Dating & Relationships blog
Most teenagers today are dating and have boyfriends/girlfriends. The earliness in going steady often ends up in unplanned marriages. In past generations, a great majority of young teenagers with ambitions were satisfied for a couple of years to be in love minus the frequent dating; and when they were allowed occasional encounters, they did so only under a tight guarding by their so-called chaperone. They did not become heavily involved until their late teens.
The new generation is different. Young lovers of today are hasty and impulsive in making choices. They seem not to know how to determine the distinction between sexual love and love coupled with responsibility, the former being essentially physical in nature. And when thirteen-, fourteen-or fifteen-year-olds go on regular dates in which they can have no one but themselves, the temptation to fill the gaps in the conversation with exploratory, physical sexuality heightens.
Joining the Bandwagon
When schoolmates see their friends going steady, the tendency is for them to do likewise, in order to be “in.” Having a steady boyfriend to take her to parties, to be a companion in seeing movies–provides a girl with a feeling of security. It makes her look proud and will not be embarrassed to be stranded to be stranded in public. Someone is with her, and that someone gives her the thrill. This kind of social advantage makes the girl think that she has charm. It will make her feel elated. The regular companionship, however, is the beginning of physical intimacy.
One Thing Leads To Another
While girls may profess love for their boyfriends, it is obvious that theirs is only the so-called “puppy love.” The feeling of love for their boyfriend may be intense, but usually, the emotion proves to be not based on mutual knowledge and affection but on the physical facade of the other person and fantasies about what he is really like. The one who is infatuated often has no idea whether the other one will reciprocate, whether they have common interests, whether they can mean anything to each other and give anything to each other.
That is precisely the reason why so many young lovers blaze brightly and then burn out in a few months, sometimes even for weeks only.

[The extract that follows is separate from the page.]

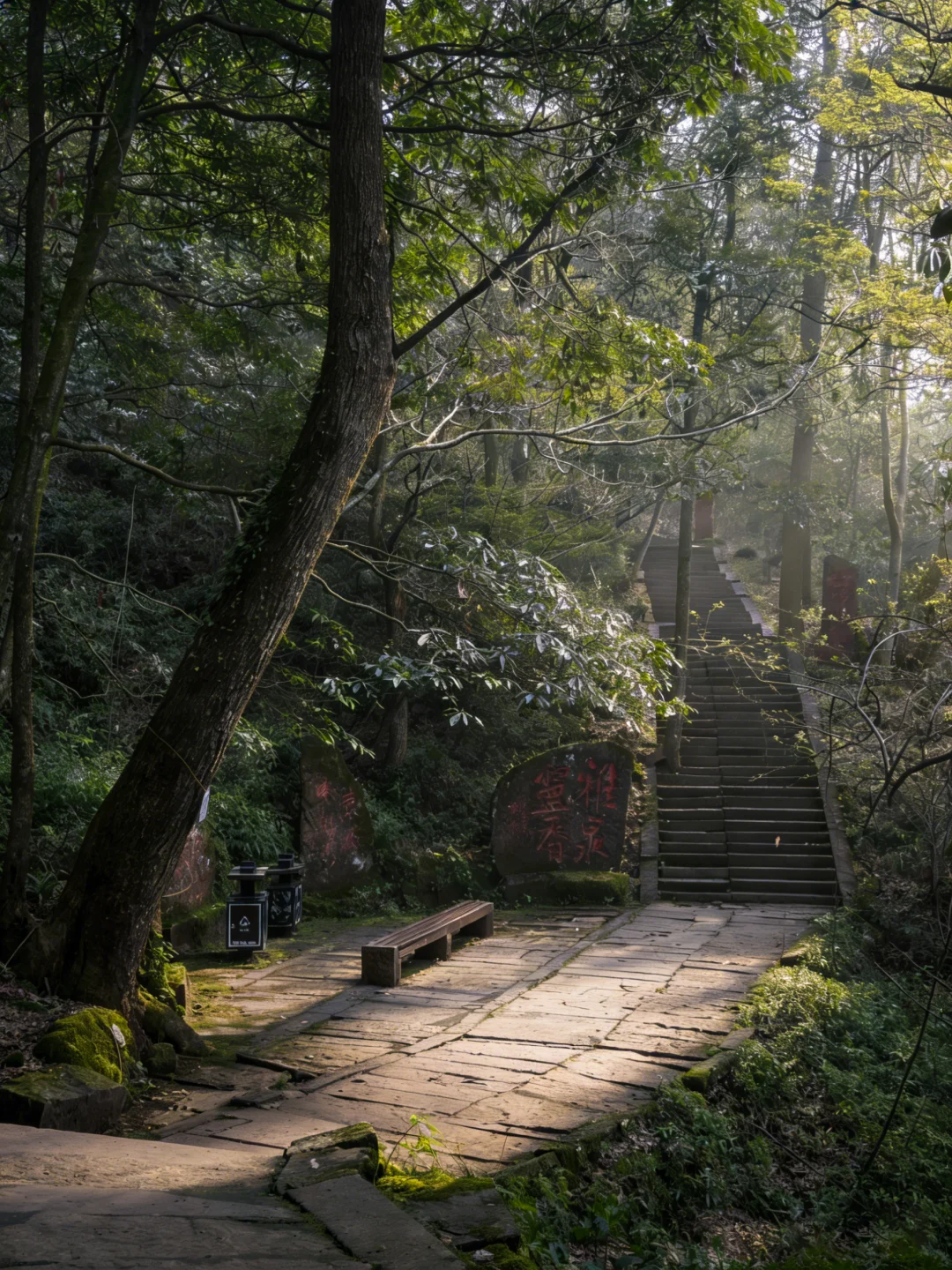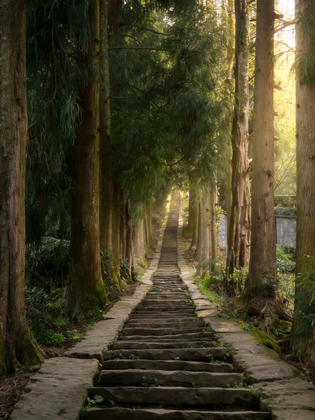 2️⃣天梯古道:1456级青苔石阶,被古柏和雾气环绕,新手也能轻松走完

The absence of a solid foundation for such a relationship may consequently wreck a love that holds a lot of promise to grow stronger, if only nurtured, and the partners are mature enough.
As early as the initial infatuation, physical intimacy already begins to develop.
The consequence of physical intimacy without any real love is disaster for both. Illegitimate pregnancies as a result of early dating are prevalent even during this time that contraception is within reach. In one case, the young lovers say it was because “one thing led to another,” without they having planned it that way or taken any precautions. They may firmly decide that it is a mistake and will never do it again. Yet as we can see today, they do succumb repeatedly. Young lovers are evidently immature. A mature person with a sense of responsibility will never risk her ambitions in which her future depends. A mature person can manage to control her feeling, can apprise herself and say, “Stop”‘ when she is about to plunge.
Girls who allow themselves to be easily involved in a serious affair which is greatly physical and then get careless and become pregnant are individuals who simply don’t think much of themselves and don’t expect others to think much of them either. A girl with self-respect will weigh a thousand times the situation before she throws herself to someone. She would think deeply on whether what she’s up to will threaten her whole future.
A Life in Shame
Nowadays that most parents are liberal, tolerant and permissive, illegitimate pregnancy may not be such a big deal. Of course, there will be a lot of hysterics and furor in the whole house, but after the secret is out, neighbors and relatives will understand, albeit the unending rumors, suspicion and disapproval of what had happened. The boy and the girl will feel ashamed of what they did because they will lose the respect of their classmates and friends. They will also lose a lot of their self-respect. They’ll blame one another. They’ll become cynical and cynicism can interfere very seriously with their future life together.
Scheduling Pleasure
There is no substitute for a well-planned marriage. The process of “scheduling pleasure” to be able to reap better fruits is a sure sign of decency, maturity and responsibility. For is it not that there is a right way to do the right thing at the right time for the right reason?
But then again there is nothing wrong per se with a hurried love (after all, age doesn’t matter in this arena)–if, and only if, two people, although immature in the beginning because they are neophytes to the “real world,” can learn to be mature and polish their behavior. Acceptance of their responsibility as a young couple is the first step. The second is to let their love grow and think of ways to make it stronger. While it seems too bad to begin a marriage and a baby’s life amidst raised eyebrows of disapproving neighbors and relatives, it is much worse to compound the problem by running away from responsibility.
What they can do is accept the mistake of the past and consider it a lesson learned to make them better persons. After all, the error of the past is the wisdom of the future.